Widow and Orphan stocks offer relatively low-risk stocks as an investment opportunity while providing a high rate of dividend. Usually, stocks that classify as Widow and Orphan stocks belong to large, mature and reliable companies that operate in the non-cyclical business sectors. In simpler terms, widow and orphan stocks are low volatility stocks that offer higher rates of dividend and the usual holders of this type of stock are blue-chip or large and reliable companies.
The reason most companies with stocks classified as widow and orphan stocks are large and belong to non-cyclical business sectors is that even during an economic downfall, these companies still have solid footing and aren’t affected as strongly as companies in the rest of the market.
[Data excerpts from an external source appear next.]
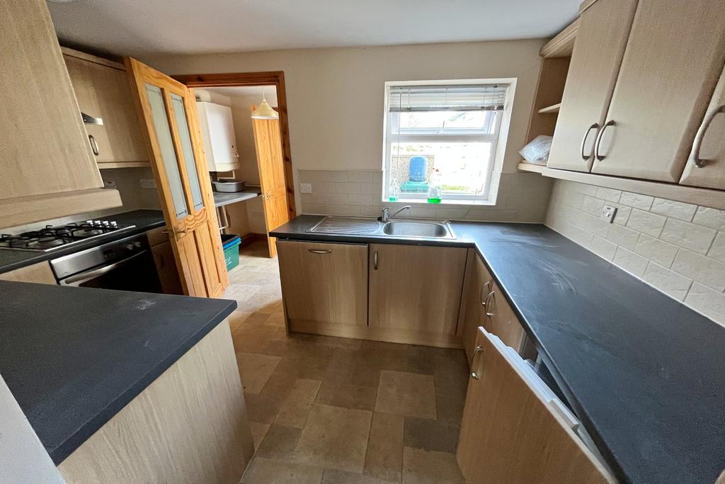 Fitted to comprise a range of base and eye level units with work surfaces, single drainer sink unit with tiled splashback, gas hob with oven and extractor, integrated dishwasher and fridge, door to utility, double glazed window to rear
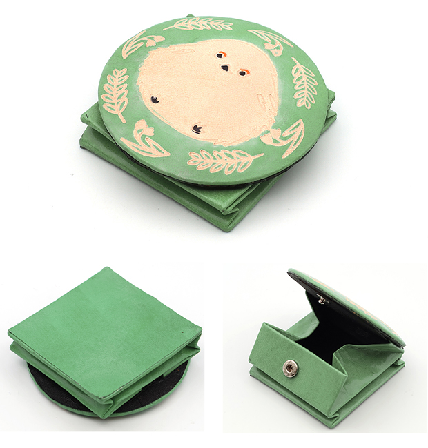 山羊革に型押しで模様をデザインし、カラフルにペイントしています。
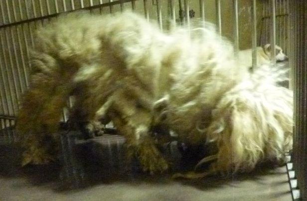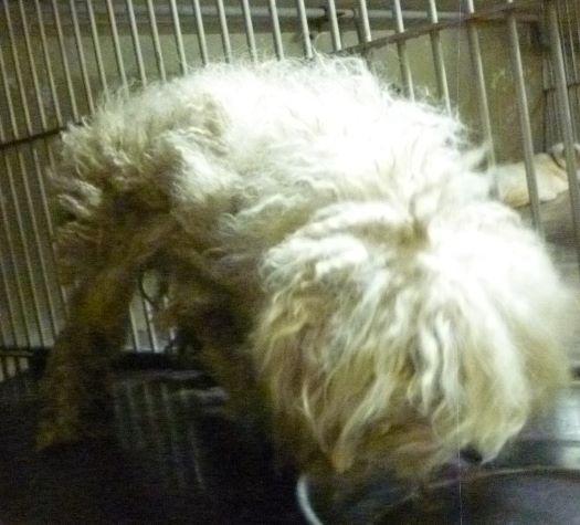毛玉や汚れがひどく、目が見えにくいせいか、触ると噛もうとします。

Widow and orphan stocks may not provide the highest rate of returns, they are low but steady and cushioned by the dividend provided and their powerful or even monopoly-like position in the market. The exact opposite of the widow and orphan stock concept is an investment in growth stocks that offer a higher return while being considerably more volatile and also paying out little to no dividend to the stockholders.
The term widow and orphan stocks come from the idea that these stocks offer a haven to investors during economic turmoil, particularly fit for ‘widows and orphans’ as they are the most vulnerable groups in society who aren’t adequately suited to face an immense economic downturn.
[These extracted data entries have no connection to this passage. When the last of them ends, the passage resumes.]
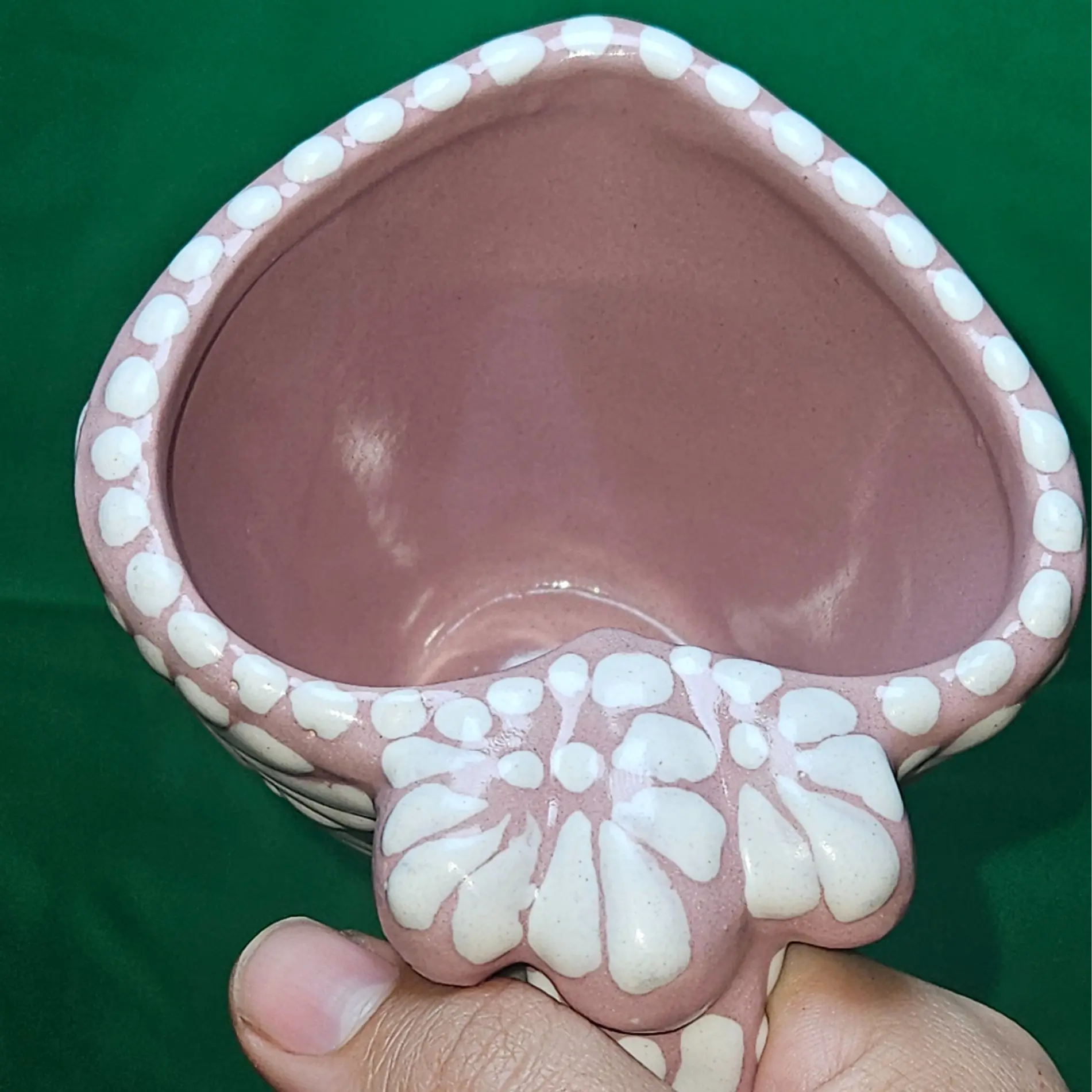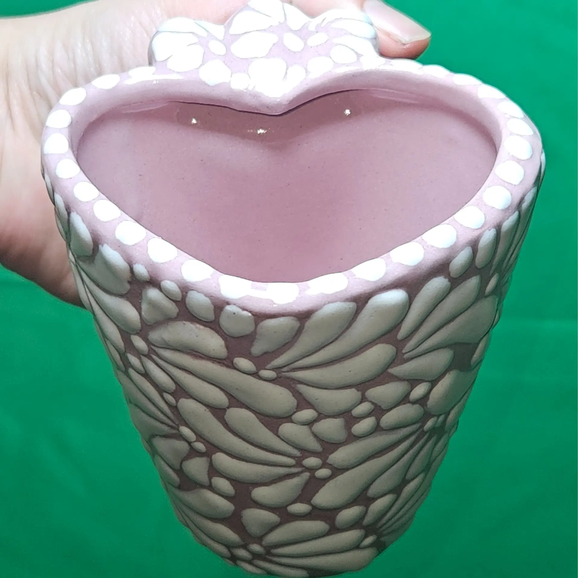 White Pink Top Heart Shaped Coffee Mug - Mid Sized - Mexican Hand Crafted - Talavera
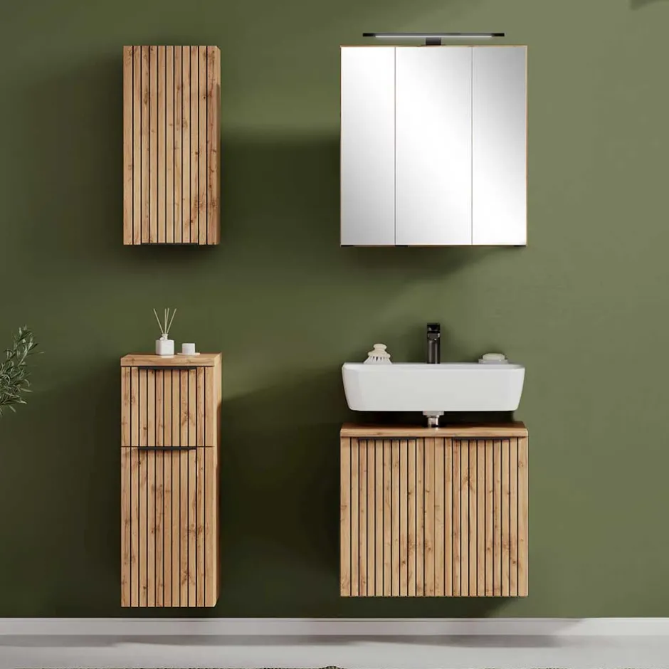 Gefertigt aus hochwertiger, melaminbeschichteter Spanplatte, überzeugt der Unterschrank nicht nur optisch, sondern auch im Alltag. Die pflegeleichte Oberfläche in Holzoptik sieht edel aus und lässt sich mühelos reinigen. Die Melaminbeschichtung macht das Möbelstück widerstandsfähig gegen Feuchtigkeit und Kratzer – perfekt für den täglichen Einsatz im Badezimmer. Top-Materialqualität und eine exzellente Verarbeitung garantieren Ihnen lange Freude an diesem Produkt.
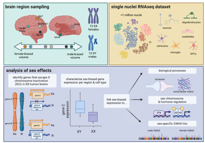 过往一些斟酌指示,很多神经系统疾病存在显贵的性别偏差。比如男性更容易患自闭症、帕金森病,而女性则更易患阿尔茨海默病(AD)、抑郁症。《细胞》杂志一篇论文就曾指出,雌性小鼠X染色体上编码泛素特异性肽酶11(USP11)的基因更活跃,它与病感性tau卵白集结相关,因此更可能导致AD发生。 另外,有斟酌关怀了男性与女性大脑在体积或结构上的宏不雅各别。举例,某些脑区男性体积略大,另一些脑区则女性体积略大。然则,这种宏不雅各别究竟源于细胞数目的不同,也曾细胞里面基因作为的各别,又是否与疾病风险相关仍然不够了了。 近期,《科学》杂志一项斟酌在单细胞差别率上画图了东说念主类大脑皮层中基因抒发的性别各别图谱,再行的视角为咱们揭开了这一谜题。

Importance of Widow and Orphan stocks
As the mindset goes for most traditional investors and new investors to invest in companies like ITC, Reliance Industries and Tata. Why? Because these are reliable, mature and resilient stocks and even if the country sees a major economic downfall these companies won’t go down under. Widow and Orphan stocks offer:
- A sense of security to investors that a base part of their market investments is safe while facing steady although potentially slower growth.
- A high rate of dividend as compared to growth based stocks cushion the comparatively lower rate of return on their investments in these blue-chip stocks.
Widow and Orphan stocks allow investors to set up their investing base and potentially take a few bigger risks with other stocks since they know they have a haven in the condition of loss in those areas. As a simple exemplary question, when starting your investment journey, would you first invest in safer opportunities that provide stability to your portfolio or would you directly jump into highly volatile and dynamic markets like penny stocks?
Pros and Cons of Widow and Orphan stocks:
- They offer a stable and low volatility investment with a beta meaningfully less than one in most cases.
- Potential for high dividend growth rate
- Steady returns
- Ideal for safe players and new investors
- Companies with widow and orphan stocks are usually very large, reliable and mature.
- Respond better to market fluctuations and economic hurdles.
- Offer a lower rate of general returns
- Sometimes, for fairly short periods, even safe stocks from seemingly safe sectors can add to market volatility and this may lead to the widow and orphan stocks underperforming as compared to normal cyclical sector stocks.
- Widow and orphan stocks cannot protect an investor or company from certain types of risks such as lawsuits or unforeseen incidents. E.g. A plant fire or building collapse.
- Difficult to detect when corporate executives commit fraud by “cooking the books” and fraudulently achieving profit goals.